7. Discuss complex cases with a specialist mycology or CPA centre: especially if antifungal therapy is being considered during rifampicin-based TB treatment.

Treatment implications and drug interactions

If CPA is diagnosed during TB therapy, management is complicated by major drug interactions. Rifampicin is a potent enzyme inducer and substantially reduces exposure to many triazole antifungals, including itraconazole, voriconazole and posaconazole. Co-administration is generally problematic and may render azole therapy ineffective.

Specialist input is therefore essential. Management may require:

• review of TB regimen and treatment phase;
• therapeutic drug monitoring for azoles where used;
• careful liver function monitoring;
• assessment of haemoptysis risk;
• consideration of timing of antifungal initiation;
• multidisciplinary discussion involving TB, respiratory, infectious diseases, pharmacy and mycology teams.

In some cases, observation and reassessment may be appropriate if CPA criteria are incomplete and the patient is clinically improving. In others, particularly with progressive cavitary disease, haemoptysis or strong Aspergillus IgG positivity, earlier specialist intervention may be justified.

What do guidelines currently say?

ERS/ESCMID

The ERS/ESCMID CPA guideline recognises tuberculosis as a major underlying condition for CPA and defines CPA using chronic symptoms, compatible radiology and Aspergillus evidence, typically over at least three months. It supports Aspergillus IgG as a central diagnostic test and recommends long-term oral triazole therapy for symptomatic or progressive chronic cavitary disease.

IDSA

The IDSA aspergillosis guideline similarly defines chronic cavitary pulmonary aspergillosis by at least three months of symptoms or progressive radiographic abnormalities, compatible cavitary disease, microbiological or serological evidence of Aspergillus, and minimal immunocompromise. It explicitly notes that CPA may complicate underlying pulmonary diseases, including tuberculosis and non-tuberculous mycobacterial infection.

BTS

The British Thoracic Society 2025 Clinical Statement on Aspergillus-related chronic lung disease provides current UK best-practice framing for diagnosis and management of chronic Aspergillus lung disease. Its publication reflects increasing recognition that Aspergillus-related chronic lung disease requires specific diagnostic pathways, antifungal stewardship and specialist respiratory-mycology collaboration.

WHO TB guidance

WHO TB guidance focuses on TB diagnosis, drug susceptibility, treatment regimens, monitoring, treatment failure and public health control. CPA is not yet embedded as a routine screening component of standard TB treatment pathways. This creates a gap between TB programme algorithms and emerging evidence from fungal disease studies.

Evidence strength

Implications for TB and respiratory services

The emerging evidence supports a targeted CPA assessment trigger within TB pathways, rather than universal screening at present.

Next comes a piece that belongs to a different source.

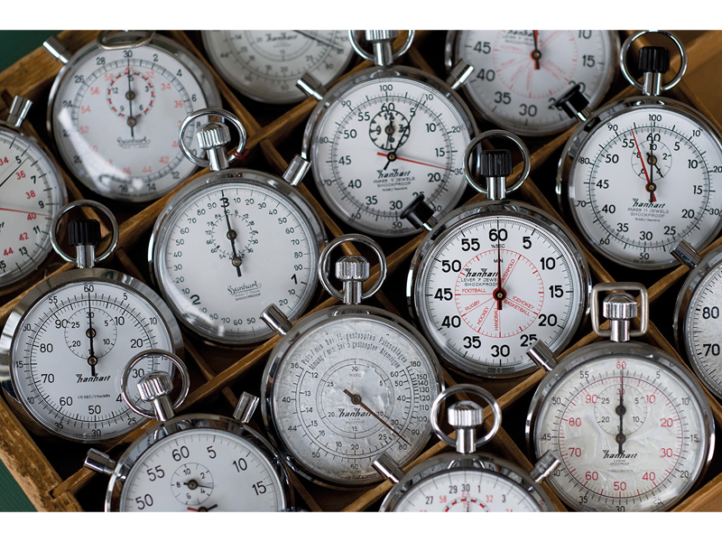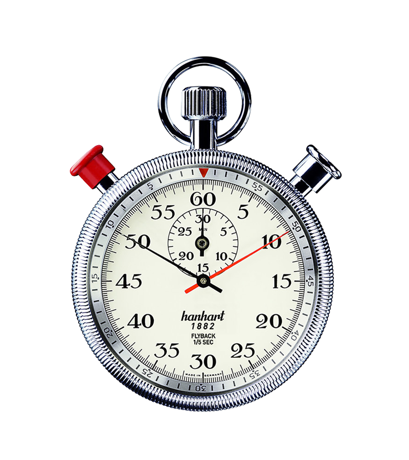 きっかけは、その前年に参加したある陸上競技大会でした。大会運営側は、計時のために必要な4本のストップウォッチを用意するのにも苦労し、集められた時計は品質にもばらつきがありました。当時、ストップウォッチはほとんどがスイス製で、高価なうえに製造数も限られており、一般にはなかなか手に入らないものでした。この現状に強い疑問を抱いたヴィルヘルムは、自分たちで作ることを決意します。彼は腕利きの時計職人とともに、設計と製造に取りかかり、ついに手頃な価格で入手できる初の機械式ストップウォッチを完成させます。この一歩が、HANHARTをストップウォッチ分野のパイオニアへと導く、まさに「スタートボタンを押す」瞬間となったのです。

A reasonable specialist position would be:

In patients receiving treatment for pulmonary tuberculosis, persistent symptoms, haemoptysis or non-resolving/progressive cavitary disease after the intensive phase should prompt consideration of CPA, especially where TB microbiology is negative or improving and imaging remains suspicious.

This is particularly relevant in high TB burden countries, but also in low TB burden settings where patients with previous TB, migrant health histories or unexplained cavitary disease may be seen in respiratory clinics.

Research priorities

• Prospective studies with baseline and serial CT imaging in microbiologically confirmed PTB.
• Serial Aspergillus IgG titres, fungal culture and molecular testing during TB therapy.
• Clear separation of proven CPA, probable CPA, Aspergillus colonisation and transient seropositivity.
• Studies of CPA screening at two months versus end-of-treatment versus six months post-treatment.
• Outcome studies assessing whether early CPA recognition reduces haemoptysis, lung destruction, retreatment for TB or mortality.
• Health-economic modelling of targeted CPA testing in TB programmes.

Conclusion

The evidence base is moving from a simple post-TB model towards a continuum model of TB-associated CPA. In this model, Aspergillus-related disease may be present at TB diagnosis, emerge during therapy, become apparent at treatment completion, or develop later in post-TB lung disease.

For specialists, the key implication is not that every patient with TB requires CPA screening. Rather, CPA should be actively considered when the clinical trajectory is not adequately explained by TB alone, particularly in patients with cavitation, haemoptysis, persistent symptoms or poor radiological resolution.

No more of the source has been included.